*Assignment:* Print what the records say exactly, and omit the pictures.

*Supplied information:*
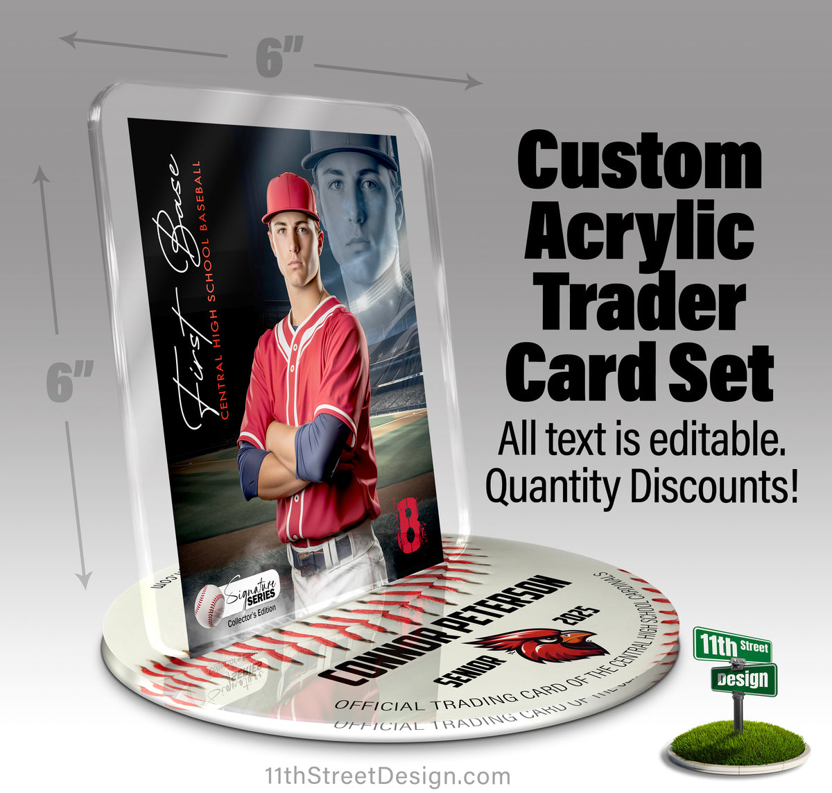 Give your athletes the ultimate collector’s item with this Custom Acrylic Trading Card Set—a bold, modern take on traditional sports trading cards! Just like the hard plastic sleeves used for pro trading cards, our durable, freestanding acrylic design protects and showcases your player’s image, position, and team details in stunning clarity.
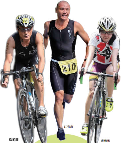 廖彬彬是玩铁三为数不多的女孩子,一次次参加比赛夺得全国业余比赛的冠军,用比赛奖金养活自己;潘凯骋是一个普通上班族,自从练上铁三后,原先体检查出来的身体毛病全没了,他便更投入地练铁三,想方设法挤出时间运动健身;江青海是一家游泳池负责人,三项实力均衡的他,去年一举夺得上海国际汽车城铁人三项赛男子40岁组全程冠军,他曾经在手术后仅40天就参赛,这一切都源于对铁三的喜爱,对挑战自我的执着。
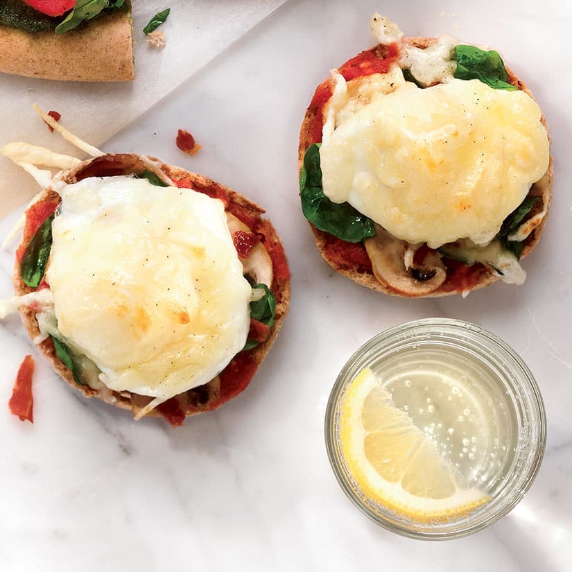 - 1. Répartir la sauce tomate, les épinards, les champignons et le prosciutto sur le pain.
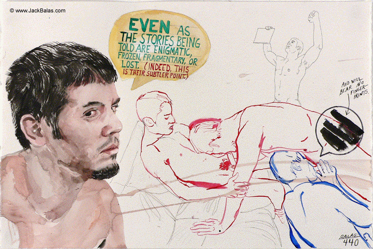 TEXT: 'Even as the stories being told are enigmatic, frozen, fragmentary, or lost. (Indeed, this is their subtler point.).....And will bear no fingerprints."
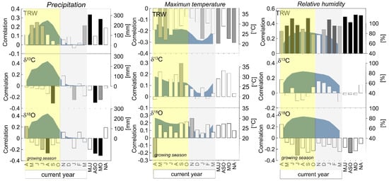 Correlation between the tree-ring chronology (TRW) (top panel), tree-ring δ13C chronology (middle) and tree-ring δ18O chronology (lower panel) with MHS meteorological station data (precipitation, maximum temperature and relative humidity). The black bars indicate significance at p < 0.01, the gray bars are significant at p < 0.05, and the white bar graph indicates non-significant correlation values. The yellow frame highlights the growing season. The blue areas indicate the values of precipitation (mm), maximum temperature (°C), or relative humidity (%) in the different columns.
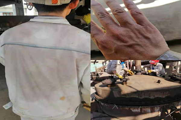 大家都知道轉化現場溫度很高,而且近期外界氣溫已高達三十七八度。轉化現場溫度都接近于45度左右,如同一個大蒸籠,而轉化人員卻每天都在這個大蒸籠里工作;每每投甩完一臺轉化器后,衣服已全部被汗水浸透;到汗珠流到眼睛后,加之與氯化氫氣體接觸,眼睛完全睜不開;在拿掉塑膠手套的那一刻,一雙手被捂的發白發皺;如同在水里浸泡了數小時一樣,但是就在這樣的工作環境下,卻沒有一個人退縮,都在堅守著自己的工作崗位,做出最大的奉獻。
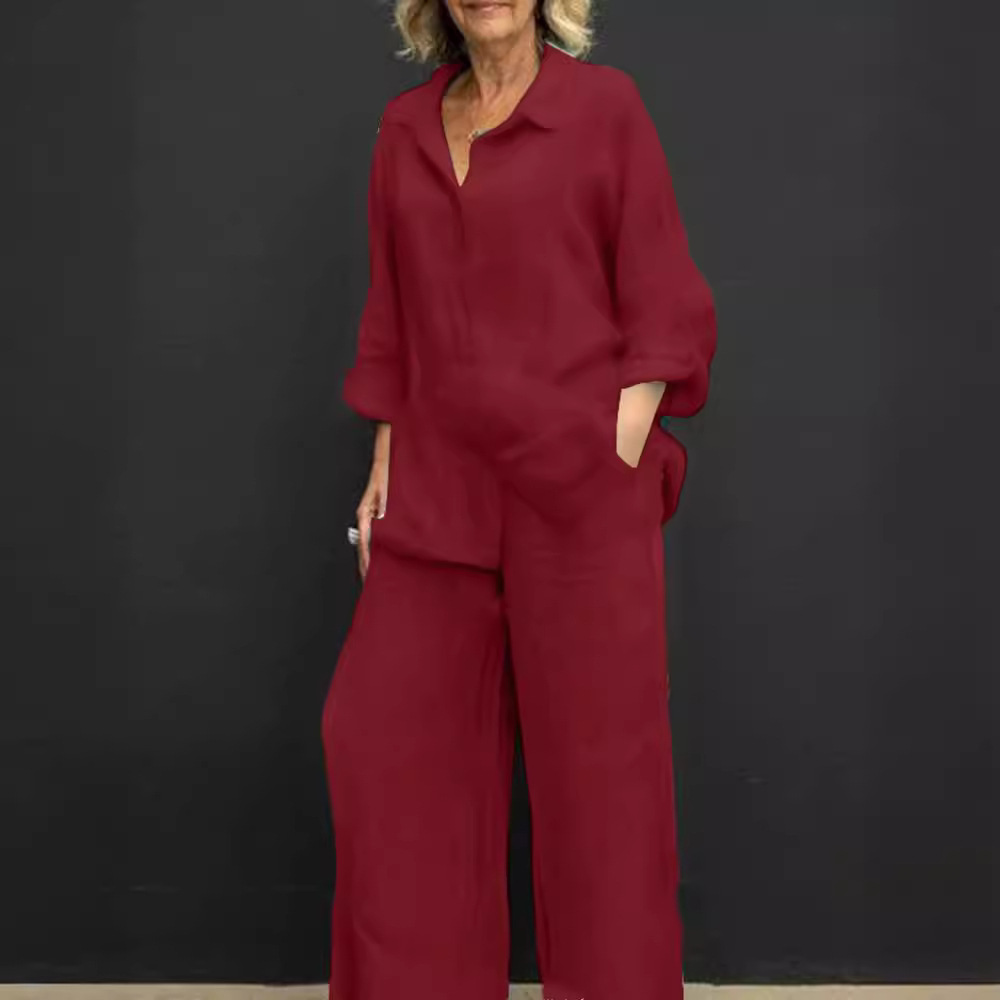 2023 Amazon Casual Set Spring Two-Piece Long Sleeve Top and Wide Leg Pants Set
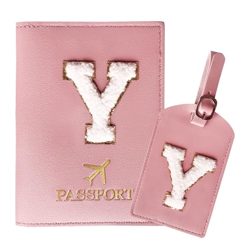 ZVRSUA Protege Passeport Rose et Etiquette Valise Costume,Pochette Passeport avec Lettre, Cuir PU, Cadeaux Femme Voyage Accessoires, Très Mignons, Adaptés aux Femmes, Adolescentes, Filles (Lettre-Y)
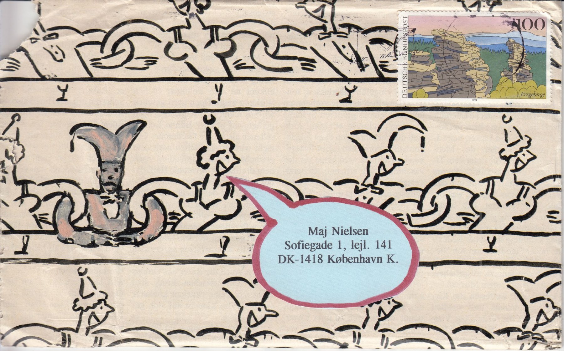 Das hier dargestellte Konvolut „Briefwechsel Berlin – Brüssel / Kopenhagen“ besteht aus einer Auswahl von 52 von mir hergestellten Briefumschlägen. Die Umschläge gehören zu Briefen, die ich frisch verliebt im Zeitraum von August 1995 bis September 1996 an meine damalige Freundin und heutige Ehefrau, Maj Westerfeld, die damals Nielsen hieß, geschickt hatte. Ich lebte schon damals in Berlin und Maj zunächst in Brüssel und später in Kopenhagen.
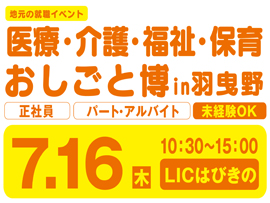 医療・介護・福祉・保育 正社員・パートタイトル 医療・介護・福祉・保育 おしごと博 in 八戸ノ里 開催日時 2026年06月10日(水)
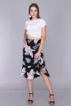 Siyah Çiçek Desenli Yırtmaçlı Volanlı Dokuma Viskon Etek
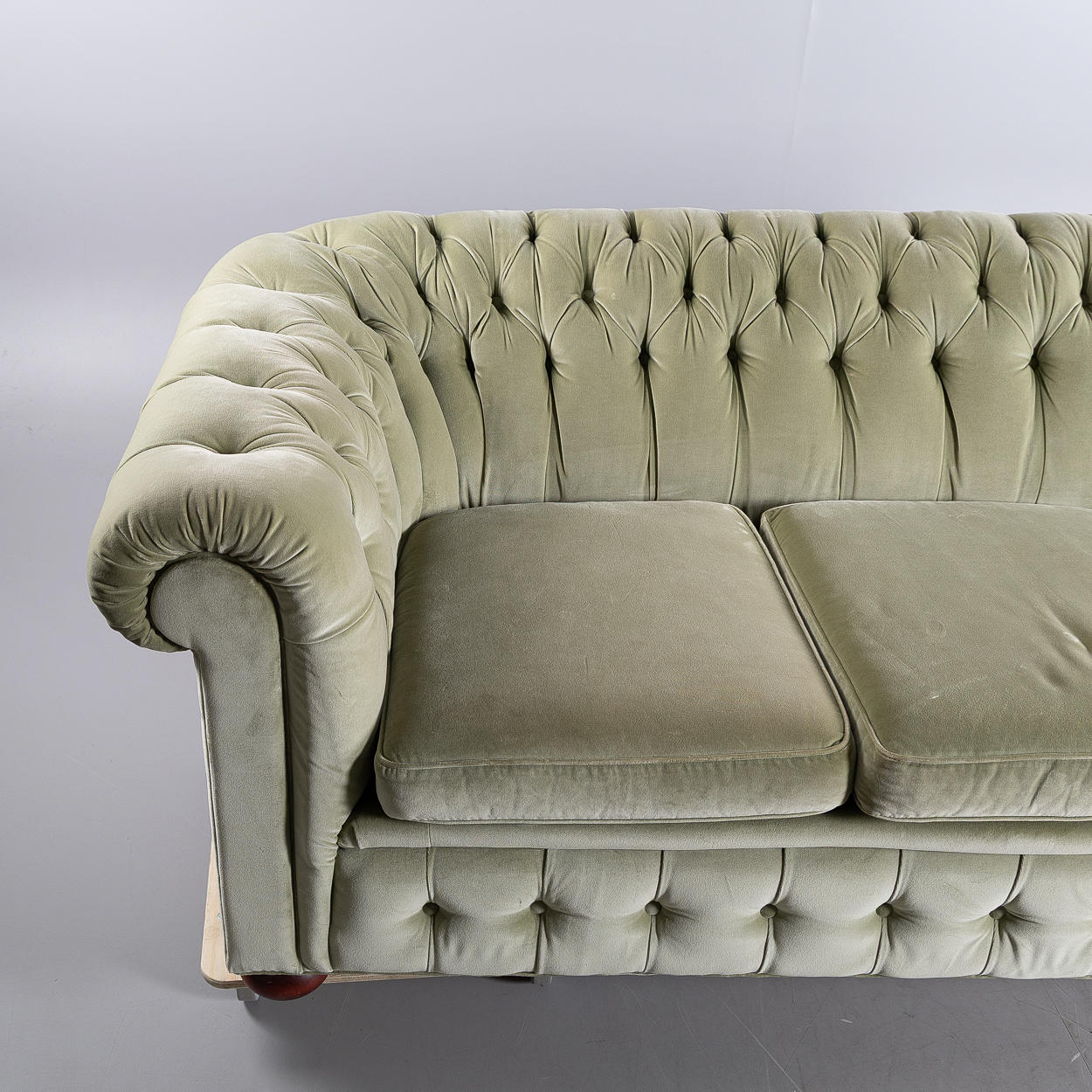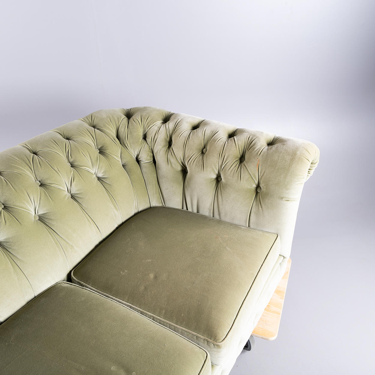 Möjligen Arne Norell, lösa plymåer, djuphäftad, klädsel i sammetsvelour, höjd ca 73, 205x95 cm, sitthöjd 46 cm.

*Result:*
 Give your athletes the ultimate collector’s item with this Custom Acrylic Trading Card Set—a bold, modern take on traditional sports trading cards! Just like the hard plastic sleeves used for pro trading cards, our durable, freestanding acrylic design protects and showcases your player’s image, position, and team details in stunning clarity.
 廖彬彬是玩铁三为数不多的女孩子,一次次参加比赛夺得全国业余比赛的冠军,用比赛奖金养活自己;潘凯骋是一个普通上班族,自从练上铁三后,原先体检查出来的身体毛病全没了,他便更投入地练铁三,想方设法挤出时间运动健身;江青海是一家游泳池负责人,三项实力均衡的他,去年一举夺得上海国际汽车城铁人三项赛男子40岁组全程冠军,他曾经在手术后仅40天就参赛,这一切都源于对铁三的喜爱,对挑战自我的执着。
 - 1. Répartir la sauce tomate, les épinards, les champignons et le prosciutto sur le pain.
 TEXT: 'Even as the stories being told are enigmatic, frozen, fragmentary, or lost. (Indeed, this is their subtler point.).....And will bear no fingerprints."
 Correlation between the tree-ring chronology (TRW) (top panel), tree-ring δ13C chronology (middle) and tree-ring δ18O chronology (lower panel) with MHS meteorological station data (precipitation, maximum temperature and relative humidity). The black bars indicate significance at p < 0.01, the gray bars are significant at p < 0.05, and the white bar graph indicates non-significant correlation values. The yellow frame highlights the growing season. The blue areas indicate the values of precipitation (mm), maximum temperature (°C), or relative humidity (%) in the different columns.
 大家都知道轉化現場溫度很高,而且近期外界氣溫已高達三十七八度。轉化現場溫度都接近于45度左右,如同一個大蒸籠,而轉化人員卻每天都在這個大蒸籠里工作;每每投甩完一臺轉化器后,衣服已全部被汗水浸透;到汗珠流到眼睛后,加之與氯化氫氣體接觸,眼睛完全睜不開;在拿掉塑膠手套的那一刻,一雙手被捂的發白發皺;如同在水里浸泡了數小時一樣,但是就在這樣的工作環境下,卻沒有一個人退縮,都在堅守著自己的工作崗位,做出最大的奉獻。
 2023 Amazon Casual Set Spring Two-Piece Long Sleeve Top and Wide Leg Pants Set
 ZVRSUA Protege Passeport Rose et Etiquette Valise Costume,Pochette Passeport avec Lettre, Cuir PU, Cadeaux Femme Voyage Accessoires, Très Mignons, Adaptés aux Femmes, Adolescentes, Filles (Lettre-Y)
 Das hier dargestellte Konvolut „Briefwechsel Berlin – Brüssel / Kopenhagen“ besteht aus einer Auswahl von 52 von mir hergestellten Briefumschlägen. Die Umschläge gehören zu Briefen, die ich frisch verliebt im Zeitraum von August 1995 bis September 1996 an meine damalige Freundin und heutige Ehefrau, Maj Westerfeld, die damals Nielsen hieß, geschickt hatte. Ich lebte schon damals in Berlin und Maj zunächst in Brüssel und später in Kopenhagen.
 医療・介護・福祉・保育 正社員・パートタイトル 医療・介護・福祉・保育 おしごと博 in 八戸ノ里 開催日時 2026年06月10日(水)
 Siyah Çiçek Desenli Yırtmaçlı Volanlı Dokuma Viskon Etek
 Möjligen Arne Norell, lösa plymåer, djuphäftad, klädsel i sammetsvelour, höjd ca 73, 205x95 cm, sitthöjd 46 cm.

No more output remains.